Ethiopia's Prime Minister Abiy Ahmed said on Tuesday that he had met Sudan's strongman General Abdel Fattah al-Burhane in Nairobi on the sidelines of a summit of the East African organisation Igad, days after a new border incident between the two countries, which have several disputes.
Ethiopian and Sudanese leaders meet in Nairobi
"We both agreed that our two countries have many things to work on peacefully," Abiy Ahmed said in a tweet on his official account, accompanied by photos showing the two leaders smiling.
"Our common bonds surpass any differences. We are both committed to dialogue and peaceful resolution of outstanding issues," he added.
The meeting took place "on the sidelines of the IGAD meeting" which brings together on Tuesday - for the first time in 18 months - the leaders of the region's countries in the Kenyan capital, according to the Ethiopian Prime Minister's office.
In Khartoum, the Sovereign Council, the transitional authority chaired by General Burhane, simply reported a "closed meeting" between the two men.

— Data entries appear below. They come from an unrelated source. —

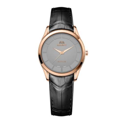 ساعت مچی زنانه اورینت مدل 1063 بند مشکی صفحه خاکستری قاب رزگلد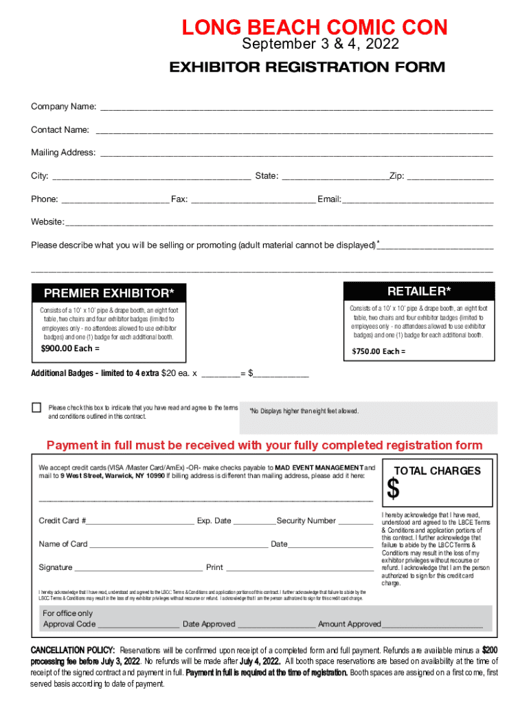 Get the free Long Beach Comic Expo Exhibitor Registration Form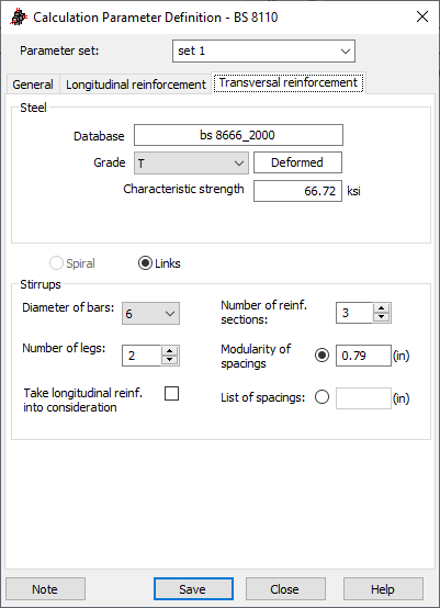 The Transversal reinforcement tab of the Definition of calculation parameters dialog box for BS Code: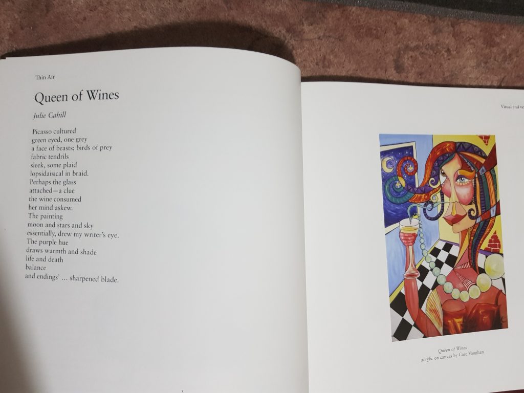 David encouraged me to enrol in art classes when he knew that’s what I wanted above all else. He re-introduced me to writing which I’d given up as a school kid. He applauds my few little successes, from having poetry or prose published, to being invited to be a guest reader at forums like Coriole Winery’s annual Poetry in the Vines and Poets’ Corner as well as my spot here on Wattletales. A fulfilling challenge was being co-editor of the 2018 Friendly Street Poets Anthology, alchemy. David’s confidence in me has been a game-changer.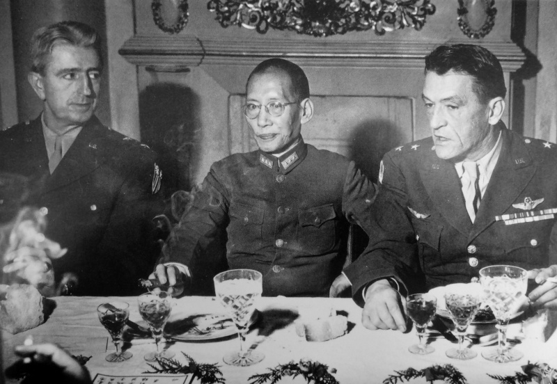 Начальник штаба главного союзного командующего на театре военных действий в Юго-Восточной Азии американский генерал-майор Альберт Ведемейер (Albert Coady Wedemeyer, 1897—1989, слева) и командующий 14-ой воздушной армией США генерал-майор Клэр Ли Шеннолт (Claire Lee Chennault, 1893—1958, справа) сидят за столом вместе с губернатором китайской провинции Юньнань генералом Лон Юнем (1884—1962) в его резиденции. Войска под командованием Лон Юня контролировали единственную дорогу, соединявшую Китай и Бирму, а также опиумные плантации

At the end of June, the Sudanese army - led by General Burhane, who has been in power in Sudan since a coup in October 2021 - accused the Ethiopian army of executing seven of its soldiers and a civilian captured in Sudanese territory, in the disputed border area of Al-Fashaga.
The Ethiopian authorities denied this, accusing the Sudanese forces of having entered Ethiopian territory and provoked a clash - fatal on both sides - with a local militia.

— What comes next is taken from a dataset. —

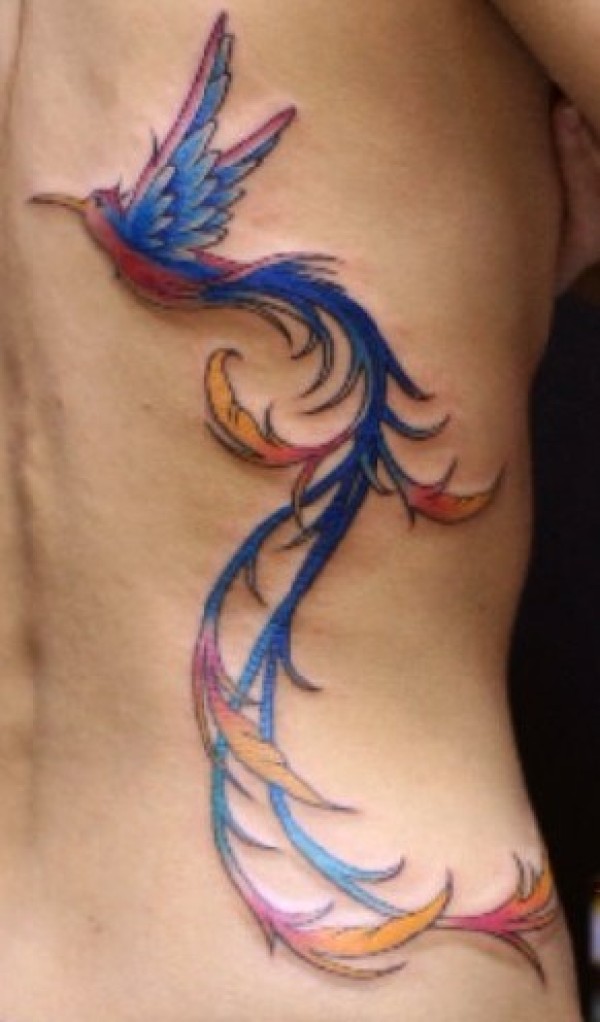腰部彩色小鸟纹身图案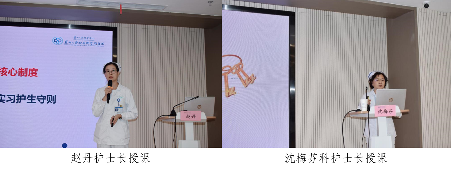 护理部赵丹护士长讲授了八大护理核心制度和实习护生安全管理要求。明确了护生的基本素质、权利与义务等,结合多年临床工作及带教经验细述了临床护生管理中的注意事项、实习过程中可能面临的问题及其解决方法。良好的护患沟通有助于了解患者身心状况,沈梅芬科护士长以《护患沟通技巧》为题,从真实案例入手,充分展现了临床的多面性以及护理工作的细腻,护生们纷纷表示受益匪浅。

The tone was raised before Mr Abiy called on his country and Sudan "to keep their nerves".
The Al-Fashaga area has been the subject of a dispute for several decades, but clashes, sometimes deadly, have increased since late 2020, and this new episode of tension had raised the concern of the African Union and Igad.
This border crisis comes on top of the serious dispute over the GDR, the Grand Ethiopian Renaissance Dam that Addis Ababa has built on the Blue Nile and which has aroused the anger of Sudan, but also of Egypt, the downstream riparians of the Nile who fear for their water supply.
Ethiopia is due to begin the third filling of the dam in August, a potential source of new tensions with its neighbour.